_Data provided_.
Segment Open

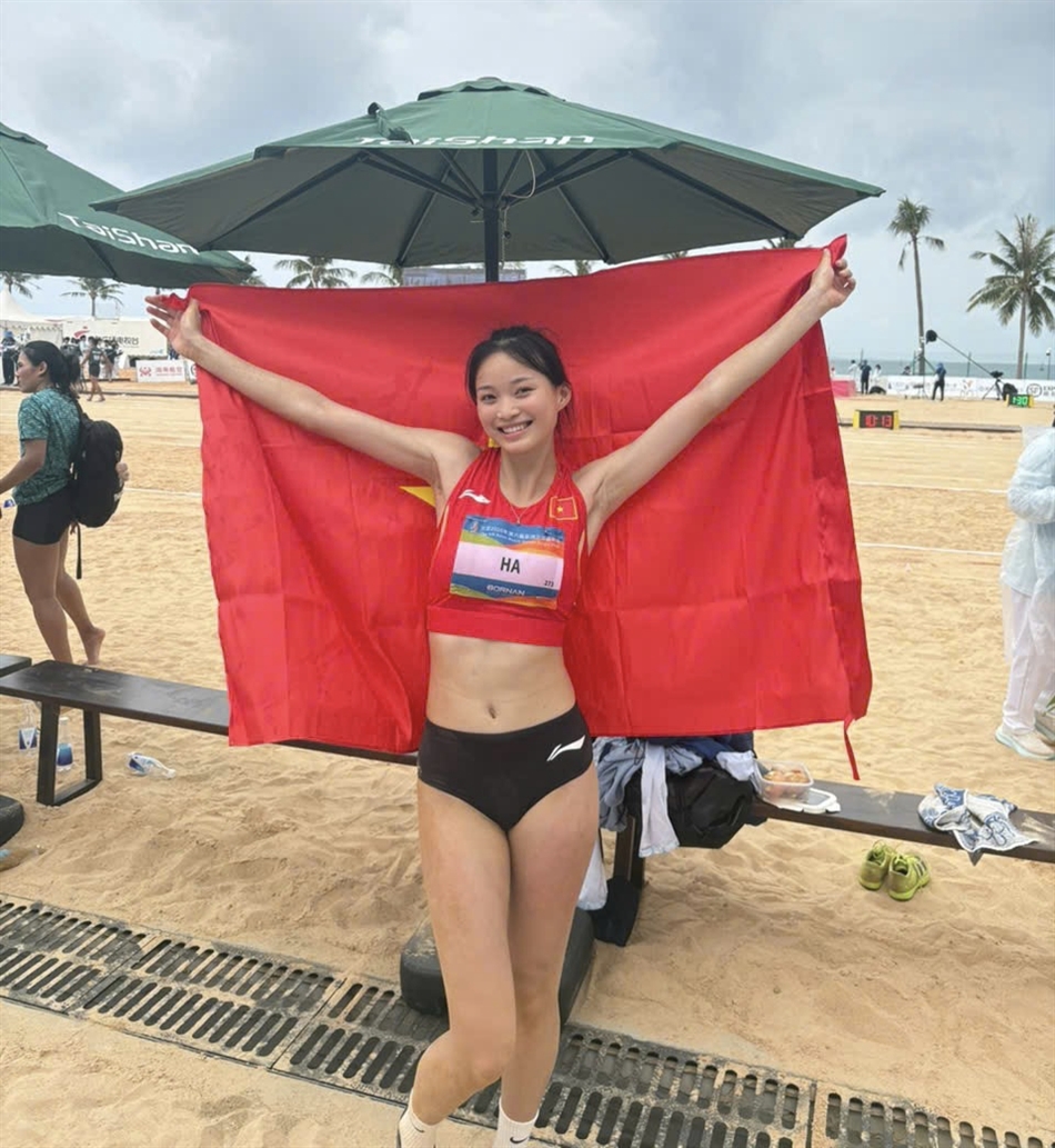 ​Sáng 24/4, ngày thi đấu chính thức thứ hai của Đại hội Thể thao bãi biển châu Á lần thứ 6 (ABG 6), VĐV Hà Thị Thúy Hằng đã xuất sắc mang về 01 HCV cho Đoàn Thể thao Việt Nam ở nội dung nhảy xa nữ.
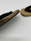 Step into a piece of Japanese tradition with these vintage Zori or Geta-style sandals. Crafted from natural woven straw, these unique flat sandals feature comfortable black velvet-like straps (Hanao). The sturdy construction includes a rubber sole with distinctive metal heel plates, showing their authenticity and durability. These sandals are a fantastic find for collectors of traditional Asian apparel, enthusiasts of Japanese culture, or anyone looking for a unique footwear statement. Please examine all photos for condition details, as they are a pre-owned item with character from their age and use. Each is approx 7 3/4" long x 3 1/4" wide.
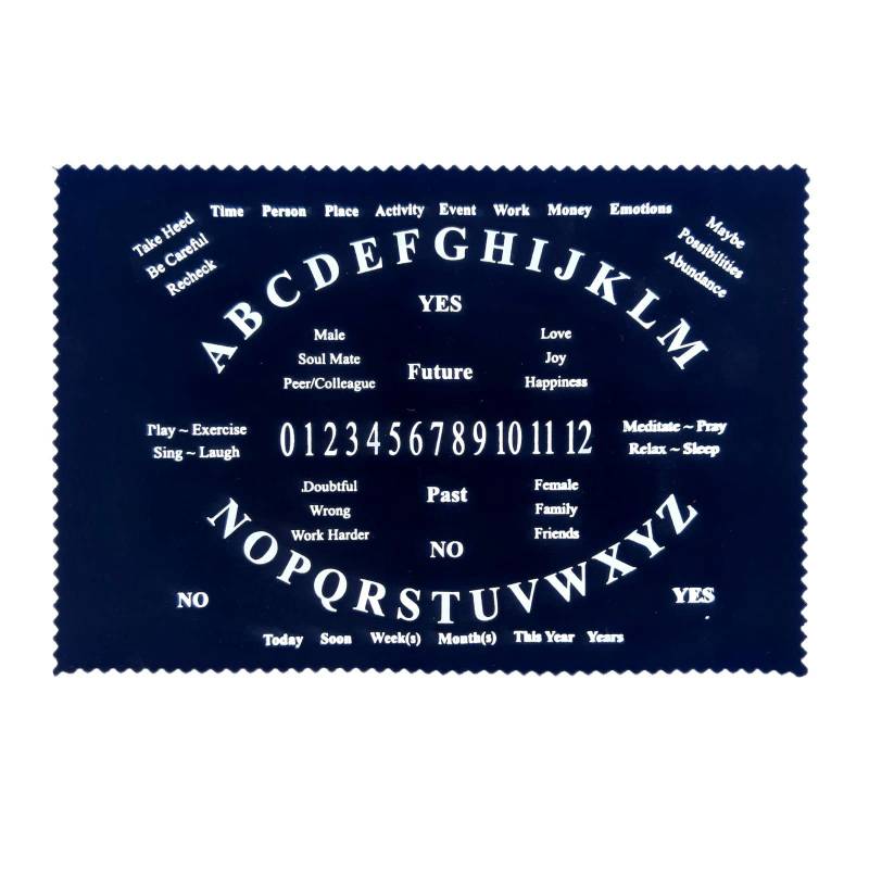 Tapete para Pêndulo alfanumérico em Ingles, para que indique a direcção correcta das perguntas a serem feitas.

Segment Closed

Repeat the listing above exactly, omitting the pictures it contains.

_Answer for the task_.
 ​Sáng 24/4, ngày thi đấu chính thức thứ hai của Đại hội Thể thao bãi biển châu Á lần thứ 6 (ABG 6), VĐV Hà Thị Thúy Hằng đã xuất sắc mang về 01 HCV cho Đoàn Thể thao Việt Nam ở nội dung nhảy xa nữ.
 Step into a piece of Japanese tradition with these vintage Zori or Geta-style sandals. Crafted from natural woven straw, these unique flat sandals feature comfortable black velvet-like straps (Hanao). The sturdy construction includes a rubber sole with distinctive metal heel plates, showing their authenticity and durability. These sandals are a fantastic find for collectors of traditional Asian apparel, enthusiasts of Japanese culture, or anyone looking for a unique footwear statement. Please examine all photos for condition details, as they are a pre-owned item with character from their age and use. Each is approx 7 3/4" long x 3 1/4" wide.
 Tapete para Pêndulo alfanumérico em Ingles, para que indique a direcção correcta das perguntas a serem feitas.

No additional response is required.